Circumference and Area of Circle

In this topic we will discuss and learn about the circumference and area of circle.

Circumference of circle: The distance around the circular region is called its circumference. The ratio of circumference of any circle to its diameter is constant. This constant is denoted by π and is read as pie.

Circumference/Diameter = Pie

i.e., c/d = π   or   c = πd

We know that diameter is twice the radius, i.e., d = 2r

    C = π × 2r

⇒ C = 2πr

Therefore approximate value of π = 22/7 or 3.14.

Area of circle: The measure of the region enclosed inside the circle is called its area. 

In case of concentric circles: The region enclosed between two concentric circles of different radii is called the area of the ring.

Note: 

Circles having same centre but different radii are called concentric circles. 

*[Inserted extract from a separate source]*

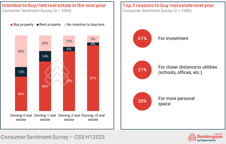 Báo cáo cũng phản ánh 68% người tham gia khảo sát cho biết họ sẽ mua BĐS trong vòng 1 năm tới. Càng nắm giữ nhiều nhà, đất, xu hướng muốn mua thêm của người tiêu dùng càng tăng. Tỷ lệ người dự định mua BĐS trong tương lai gần là 46% với đối tượng chưa có nhà, 66% với những người đã có một BĐS và lên đến 87% ở những người đã làm chủ từ 3 BĐS trở lên. Trong đó, những BĐS sơ cấp trong tầm giá 2,5 – 5 tỷ đồng thu hút lượng quan tâm lớn.

Worked-out examples on how do you find the area of a circle and the circumference of circle: 

1. Find the circumference and area of radius 7 cm.

Solution:

Circumference of circle = 2πr

                                     = 2 × 22/7 × 7

                                     = 44 cm

Area of circle = πr²

                      = 22/7 × 7 × 7 cm²

                      = 154 cm²

2. A race track is in the form of a ring whose inner circumference is 220 m and outer circumference is 308 m. Find the width of the track.

Solution:

Let r₁ and r₂ be the outer and inner radii of ring.

Then 2πr₁ = 308

2 × 22/7 r₁ = 308

⇒ r₁ = (308 × 7)/(2 × 22)

⇒ r₁ = 49 m

2πr₂ = 220

⇒ 2 × 22/7 × r₂ = 220

⇒ r₂ = (220 × 7)/(2 × 22) 

⇒ r₂ = 35 m 

Therefore, width of the track = (49 - 35) m = 14 m

3. The area of a circle is 616 cm². Find its circumference.

Solution:

We know area of circle = πr²

⇒ 22/7 × r² = 616

⇒ r² = (616 × 7)/22

⇒ r² = 28 × 7

⇒ r = √(28 × 7)

⇒ r = √(2 × 2 × 7 × 7)

⇒ r = 2 × 7

⇒ r = 14 cm

Therefore, circumference of circle = 2πr

                                                       = 2 × 22/7 × 14

                                                       = 88 cm

4. Find the area of the circle if its circumference is 132 cm.

Solution:

We know that the circumference of circle = 2πr

Area of circle = πr²

Circumference = 2πr = 132

⇒ 2 × 22/7 × r = 132

⇒ r = (7 × 132)/(2 × 22)

⇒ r = 21 cm

Therefore, area of circle = πr²

                                       = 22/7 × 21 × 21

                                       = 1386 cm²

5. The ratio of areas of two wheels is 25 : 49. Find the ratio of their radii.

Solution:

If A₁ and A₂ are the area of wheels,

A₁/A₂ =25/49

⇒ (πr₁²)/(πr₂²) = 25/49 

⇒ (r₁²)/(r₂²) = 25/49 

⇒ r₁/r₂ = √(25/49) 

⇒ r₁/r₂ = 5/7 

Therefore, ratio of their radii is 5 : 7.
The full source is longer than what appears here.